Canadian auto industry profitable as early as 2010
January 20, 2010 by Manufacturing AUTOMATION
After an unprecedented year of upheaval, a return to profitability is on the horizon for Canada’s automotive sector, according to the Conference Board of Canada’s Canadian Industrial Outlook: Canada’s Motor Vehicle Manufacturing Industry – Autumn 2009.
“The Canadian auto industry appears to have turned a corner in the second half of 2009 and is expected to return to profitability in 2010,” said economist Sabrina Browarski. “However, production will remain below historical levels. Manufacturers will have to make concerted and ongoing efforts to streamline product line-ups, control costs, and innovate to maintain profitability.”

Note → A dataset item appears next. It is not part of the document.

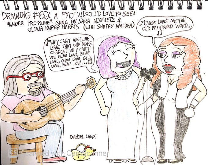 Drawing 60: Here is a drawing of a @PMJofficial I would love to see one day. It's of @SaraNiemietz & @olivia_k_harris doing a duet of "Under Pressure" by @QueenWillRock & @DavidBowieReal with @snuffywalden on guitar! (At the time I drew this, Sara had purple hair.)

|“Manufacturers will have to make concerted and ongoing efforts to streamline product line-ups, control costs, and innovate to maintain profitability.”|
— Economist Sabrina Browarski
The industry will close 2009 with a pre-tax loss of $2.3 billion, but is expected to post a profit of $263 million in 2010. Good news will trickle into the motor vehicle industry gradually as the U.S. economy stabilizes and jobs are created through 2010. U.S. vehicle sales are expected to edge up to 11.6 million units in 2010, still well below their historic levels, but enough for industry revenues to rise by nearly 38 percent.
Canadian auto production virtually came to a halt at the beginning of 2009, operating at just 26 percent of capacity in January. For the year as whole, production will be barely half of what it was in 2007. Production is expected to steadily improve as U.S. car sales recover, but production will remain below its historic high in the medium term.